= Beginning of Section =

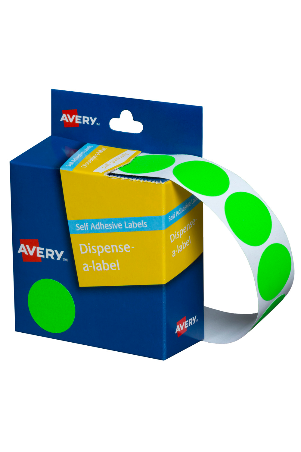 Avery Circle Labels in easy to use dispenser are perfect for marking, arranging, organising, scheduling and planning in the home or office. With the variety of sizes and colours available, they provide a clear and simple overview of tasks and plans in an instant. They come in a compact label dispenser that can easily be kept neatly in a drawer. You just need to peel off one label at a time so there's no wastage. These removable fluoro green circle labels are 24mm diameter in a pack size of 350 labels, ideal for everyday use.
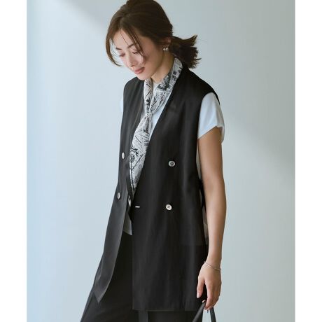 トレンドのシアー素材を取り入れた、軽やかな着心地のジレです。ノーカラーですっきりとしたシルエットに仕上げ、サイドにはDカンを施してアクセントをプラスしました。Tシャツやカットソーの上にさらっと羽織るだけで、いつものスタイリングがぐっと洗練された印象に変わります。気になる腰回りをカバーしつつ、縦のラインを強調してスタイルアップも叶えます。ボトムスを選ばず、パンツスタイルでクールに決めるのがおすすめ。オンオフ問わず幅広いシーンで活躍するアイテムです。カラーは、シックで万能なブラック系(#005)、柔らかく女性らしいベージュ系(#033)、深みのある色味が大人っぽいダークブラウン系(#035)の3色展開です。
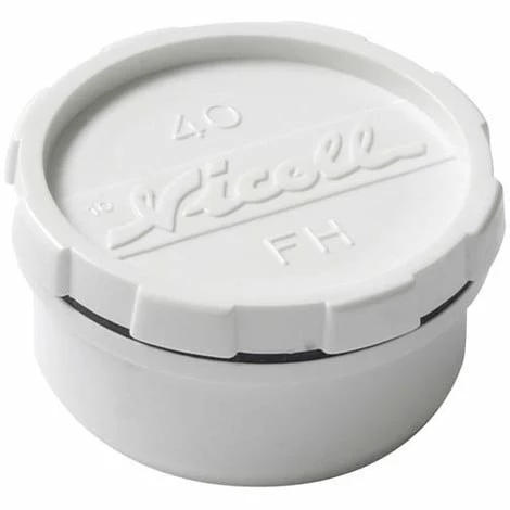 - Pièce de couleur blanche mâle Ø40 en deux parties munie d’un bouchon fileté étanche.
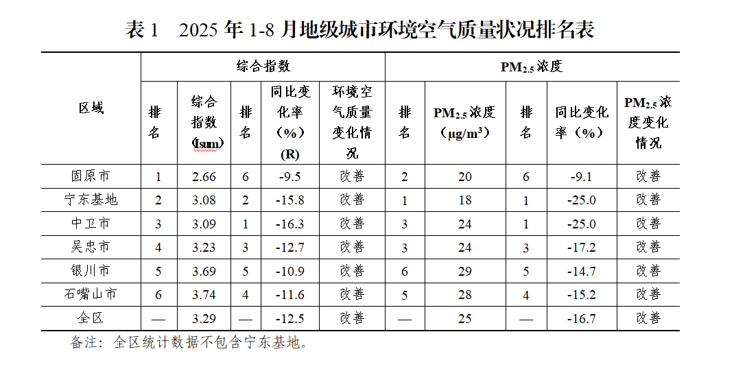 根据国家《地级及以上城市环境空气质量排名方案》(环办监测函〔2024〕9号)《地级及以上城市国家地表水考核断面水环境质量排名方案》(环办监测函〔2024〕61号)及《关于印发<宁夏回族自治区城市环境空气质量排名方案>和<宁夏回族自治区地表水考核断面水环境质量排名方案>的通知》(宁环办发〔2024〕21号)有关规定和要求,对2025年1-8月全区城市环境质量状况进行排名,排名结果如下:
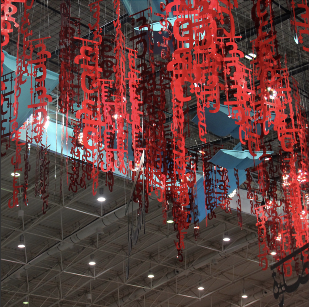 the stand celebrated a cultural heritage through typographic installations highlighting the power of words and the beauty of traditional and modern typography simultaneously with the addition of oversized books that completed the hanging typographic installations.
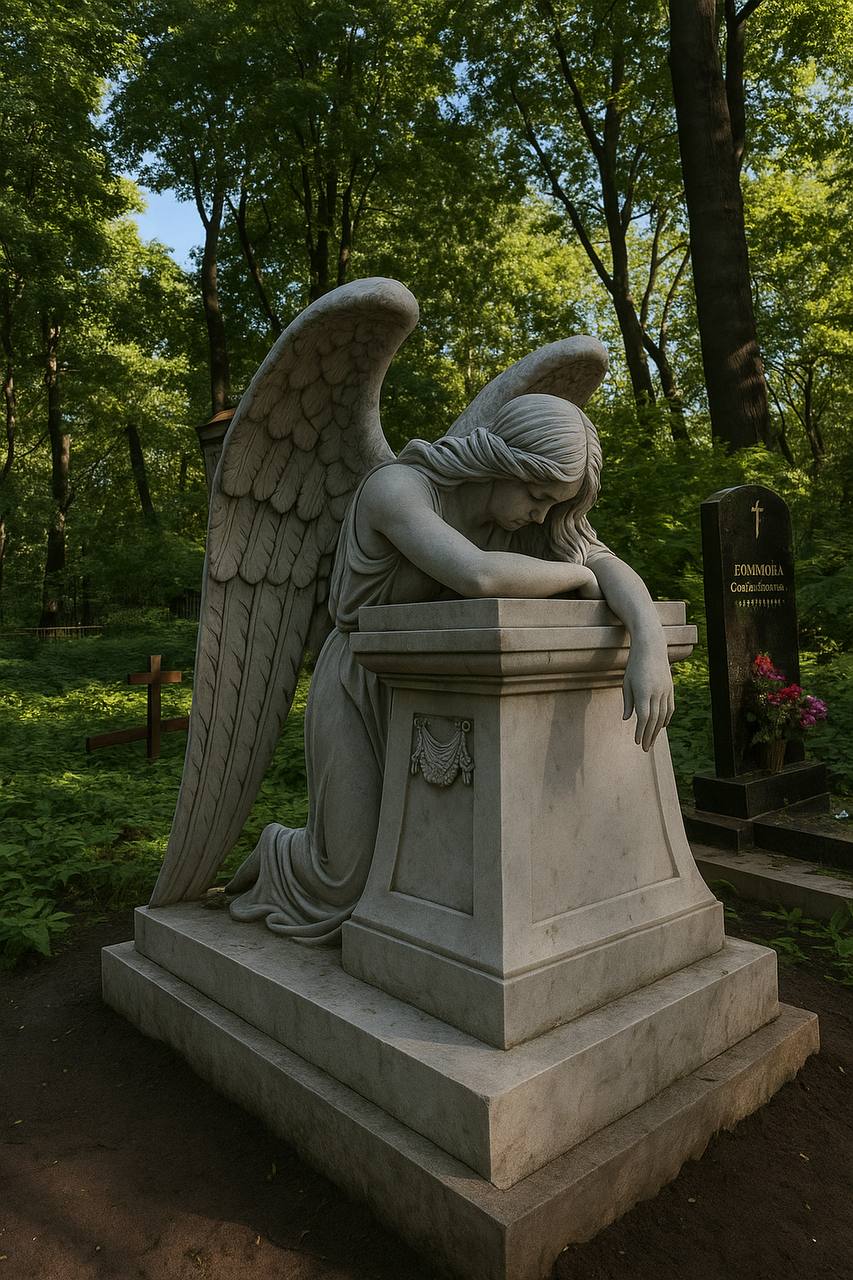 Скульптура «Плачущий Ангел» — это выразительный и глубокий памятный образ, созданный для тех, кто ищет по-настоящему знаковый мемориал на могилу. Такой памятник не просто украшает место захоронения — он передает чувства любви, светлой памяти и тихой скорби.

= End of Section =

### WHAT IS EXPECTED
Please set down, exactly and with nothing added, the lines from the line with "- Pièce de couleur" to the end of the entries above, omitting pictures.

### OUTPUT OF THE EXERCISE
 - Pièce de couleur blanche mâle Ø40 en deux parties munie d’un bouchon fileté étanche.
 根据国家《地级及以上城市环境空气质量排名方案》(环办监测函〔2024〕9号)《地级及以上城市国家地表水考核断面水环境质量排名方案》(环办监测函〔2024〕61号)及《关于印发<宁夏回族自治区城市环境空气质量排名方案>和<宁夏回族自治区地表水考核断面水环境质量排名方案>的通知》(宁环办发〔2024〕21号)有关规定和要求,对2025年1-8月全区城市环境质量状况进行排名,排名结果如下:
 the stand celebrated a cultural heritage through typographic installations highlighting the power of words and the beauty of traditional and modern typography simultaneously with the addition of oversized books that completed the hanging typographic installations.
 Скульптура «Плачущий Ангел» — это выразительный и глубокий памятный образ, созданный для тех, кто ищет по-настоящему знаковый мемориал на могилу. Такой памятник не просто украшает место захоронения — он передает чувства любви, светлой памяти и тихой скорби.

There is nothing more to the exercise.